Summary Decline in pulmonary function in Duchenne Muscular Dystrophy (DMD) contributes to significant morbidity and reduced longevity. Spirometry is a widely used and fairly easily performed technique to assess lung function, and in particular lung volume; however, the acceptability criteria from the American Thoracic Society (ATS) may be overly restrictive and inappropriate for patients with neuromuscular disease. We examined prospective spirometry data (Forced Vital Capacity [FVC] and peak expiratory flow [PEF]) from 60 DMD patients enrolled in a natural history cohort study (median age 10.3 years, range 5–24 years). Expiratory flow‐volume curves were examined by a pulmonologist and the data were evaluated for acceptability using ATS criteria modified based on the capabilities of patients with neuromuscular disease.

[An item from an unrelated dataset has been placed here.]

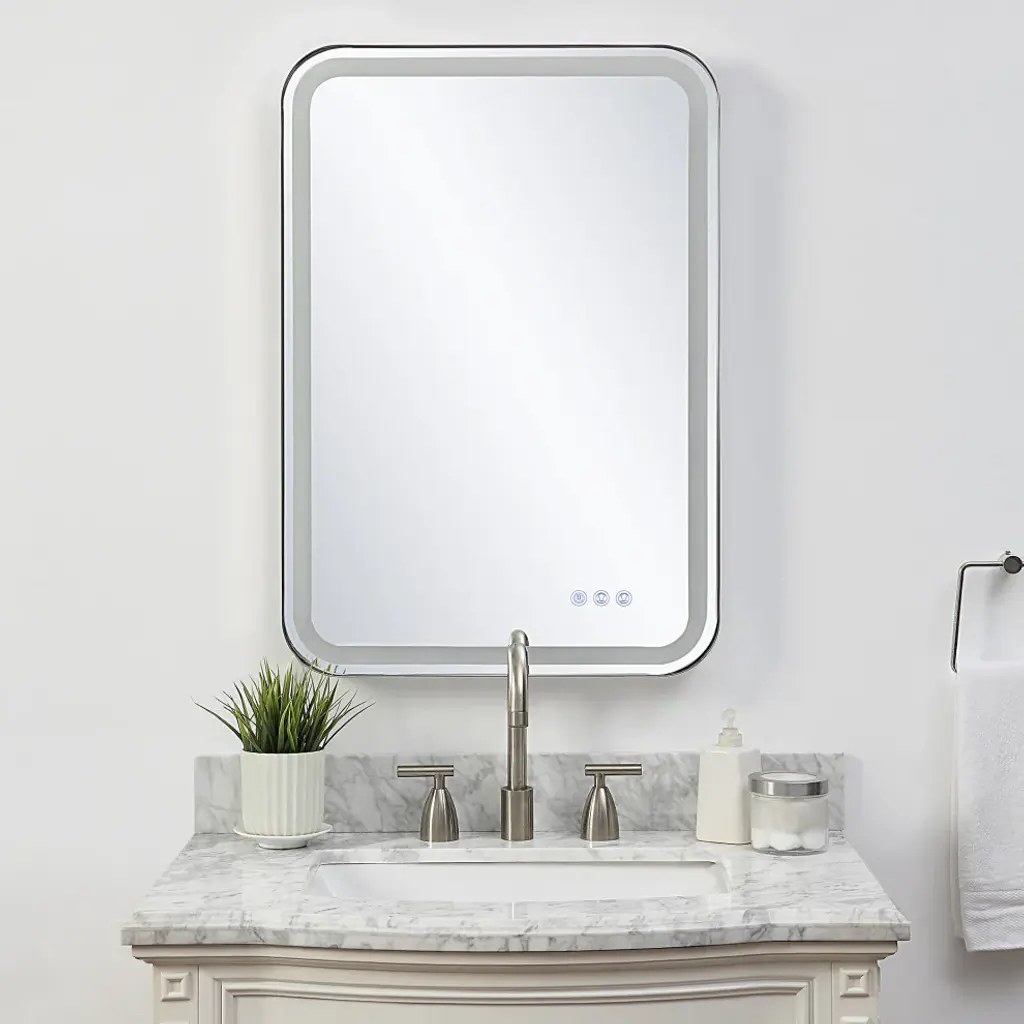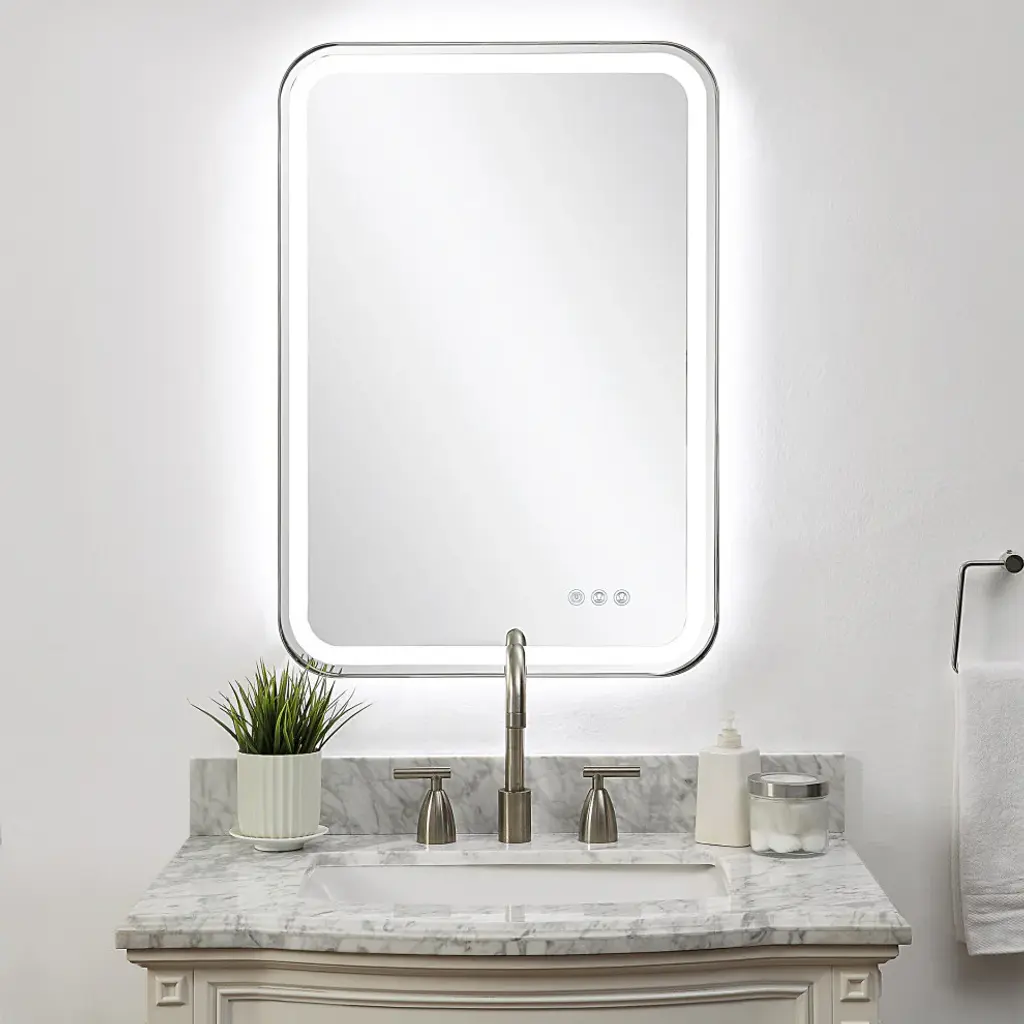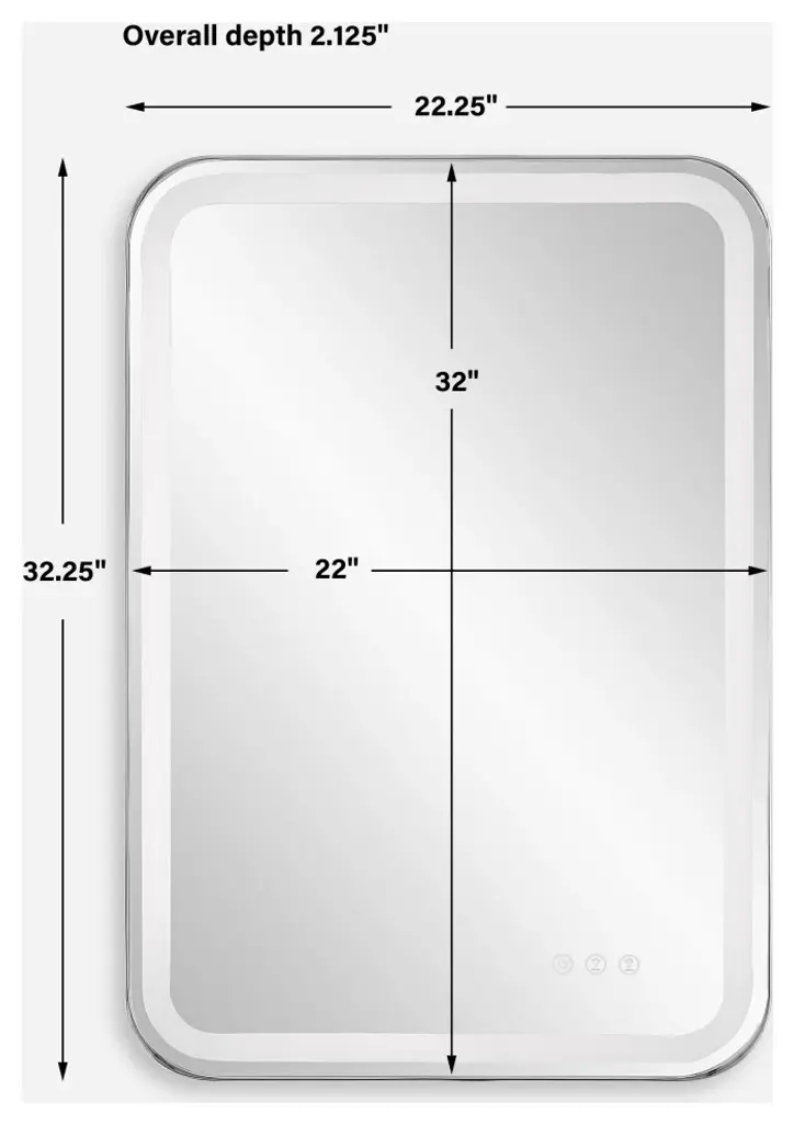 Versatile In Design, This Vanity Mirror Has Integrated LED Lighting That Illuminates Through The Frosted Strip In The Polished Edged Mirror. The Polished Nickel Plated Stainless Steel Frame Is Off Set From The Wall To Allow Ambient Lighting From The Back. Easy To Use Touch Buttons Are Featured On The Bottom Right Of The Mirror With An On Off Function, Touch And Hold Kelvin Control From 2700k To 4000k, And Touch And Hold Brightness Control. LED Lights Rated At 40,000 Hours. Ships With Plug, But Can Be Hardwired Professionally. Touch Screen Icons Continue To Illuminate When Powered Off For Easy Navigation In Dark Settings.

Data were then analyzed for change with age, ambulation status, and glucocorticoid use. At least one acceptable study was obtained in 44 subjects (73%), and 81 of the 131 studies (62%) were acceptable. The FVC and PEF showed similar relative changes in absolute values with increasing age, i.e., an increase through 10 years, relative stabilization from 10–18 years, and then a decrease at an older age. The percent predicted, FVC and PEF showed a near linear decline of approximately 5% points/year from ages 5 to 24. Surprisingly, no difference was observed in FVC or PEF by ambulation or steroid treatment. Acceptable spirometry can be performed on DMD patients over a broad range of ages. Using modified ATS criteria, curated spirometry data, excluding technically unacceptable data, may provide a more reliable means of determining change in lung function over time. Pediatr Pulmonol. 2015; 50:487–494. © 2015 Wiley Periodicals, Inc.